As I sit here writing to you from my quiet home, I consider the next time life and laughter will fill it – this weekend! I am also thinking about the peace that can come with quietness. When I am quiet with myself, there can be grief with silence, too. It stands in contrast to how things “were” and can make us wonder if this is “good?”, “Normal?”, “Right?”, because it is different,

 

So, these are the three things I have been reminding myself of to help me embrace this “quiet season” and what is coming. I’ll call them the “Get quiet and”.

  1.  Get quiet and curious. Whether things are quiet or you long for it, make it happen. Take time to get quiet and create space to be curious in whatever way you can. Ask yourself, what do I want to see ahead? How would I like to come out on the other side of this? How can I lean more into what makes me curious that I could lose lots of time thinking about?

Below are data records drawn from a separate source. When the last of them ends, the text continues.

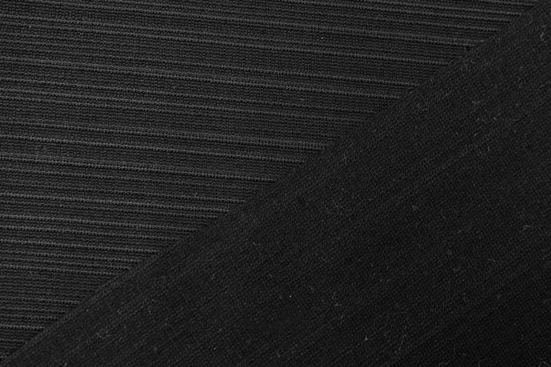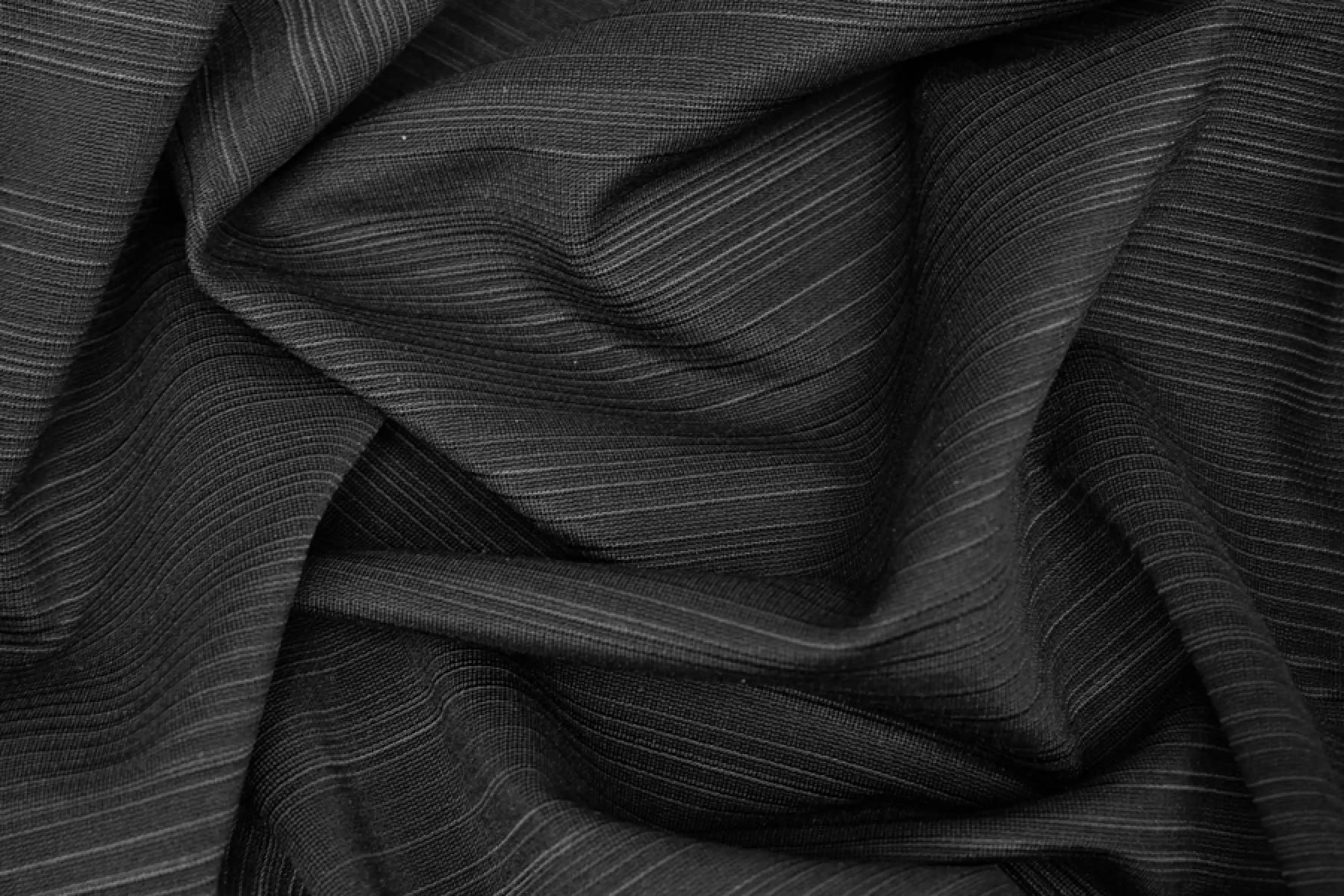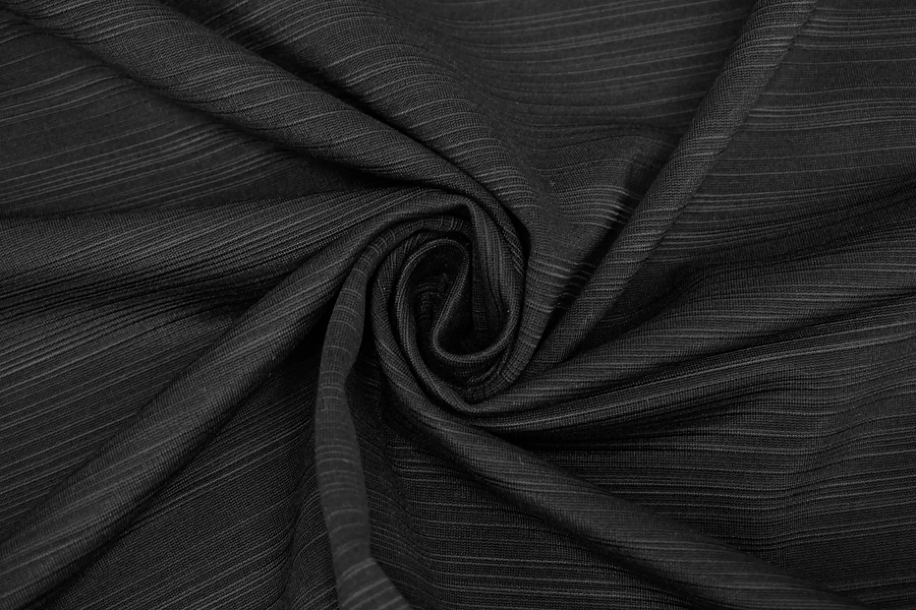 Классный вискозный джерси черного оттенка. Материал фактурный в полоску вдоль ширины. Тактильно суховатый, но приятный и мягкий. Пластичный, неплохо держит форму. Сминается, но восстанавливается практически полностью. Отлично, при этом упруго, тянется во все стороны за счет плетения и эластана. Плотненький, не просвечивает. Хорошо драпируется. Вариант на платья, кофты, юбки и не только. Обязательно учитывайте усадку 5-10%.
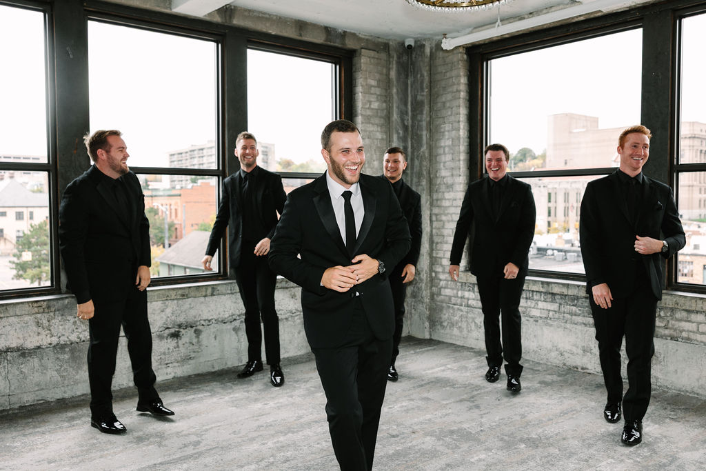 The ceremony took place in Grand Rapids, followed by a reception at The High Five GR, a venue known for its warm, rustic atmosphere and spacious layout. For a mid October wedding in West Michigan, it offered the perfect balance of cozy and refined. The exposed brick, wood accents, and open floor plan gave guests plenty of room to gather, dine, and celebrate comfortably.
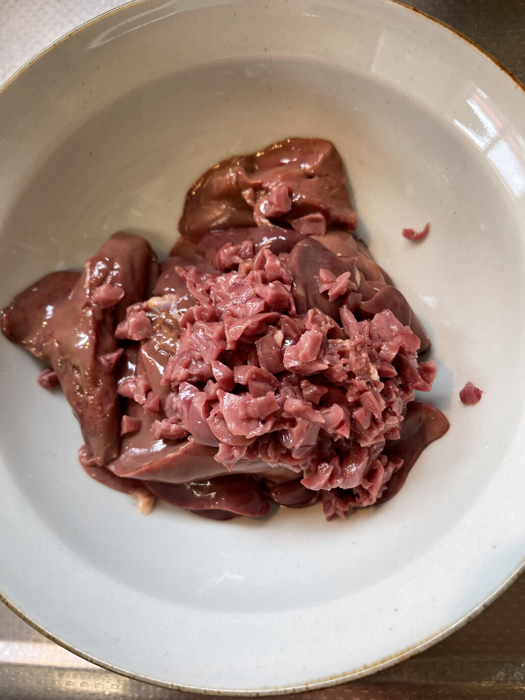 1,鶏レバーはハツを外して2当分にして細かく刻む。レバーはそれぞれを二等分にしてボールに移す。血抜きや筋を外さなくても大丈夫。
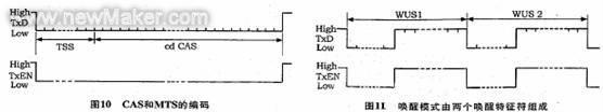 节点对唤醒特征符(WUS)的编码并没有采用辅助信号TSS,随TxEN的边沿触发同步于TxD信号进行传输一个唤醒特征符(WUS),如图11所示。
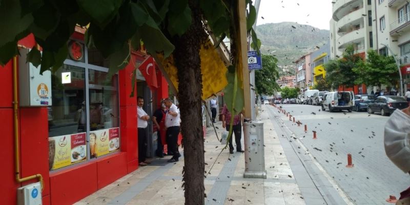 Gümüşhane’de oğul veren arılar kent merkezinin en işlek caddesindeki bir ağacın üzerine konunca korku ve paniğe neden oldu.
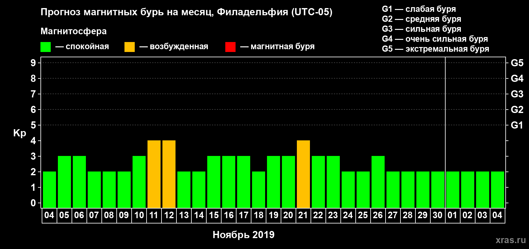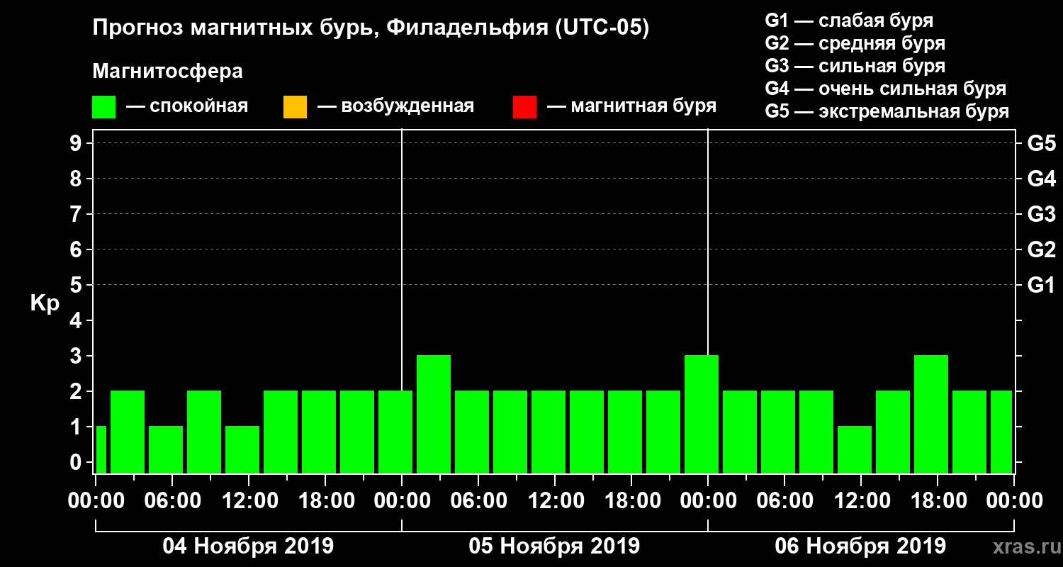 Прогноз магнитных бурь в Филадельфии — 4 ноября 2019 года

What do I want to learn more about or be more about? 



  2. Get quiet and alone. 10 min quiet and alone. Meditate, pray, observe your thoughts. There is so much evidence that 10 minutes a day of quiet meditation can rewire our minds and positively impact how we show compassion to ourselves and others. 



  3. Get quiet and honest. Get quiet and honestly reevaluate where you are. Don’t hide. If you are overfilling your days, what is motivating this? What is this activity helping distract you from? If you are avoiding adding things to your schedule, the very things that align with your values and would fuel you, why? Don’t hide from what makes you wake up. And consider if you are numbing with things that can make you psychologically “fall asleep.” Lastly, don’t hide from the ones who love you and, most importantly, yourself. 



I am excited about this new quiet season, the personal and work goals I have set, and the new opportunities I see and feel rising. 

 

But of course, I am also afraid. 

 

We all crave familiarity, and when we go through change and differences, we can self-sabotage to return to what is familiar. Let's be more honest and open about what we want and need. 

 

Let’s make the time to get quiet so we can know what these things are and be ready to recognize and welcome them. 

 

How about you? Are there any “get quiet” strategies you have found that work? 

 

I look forward to your ideas on welcoming and benefiting from quiet.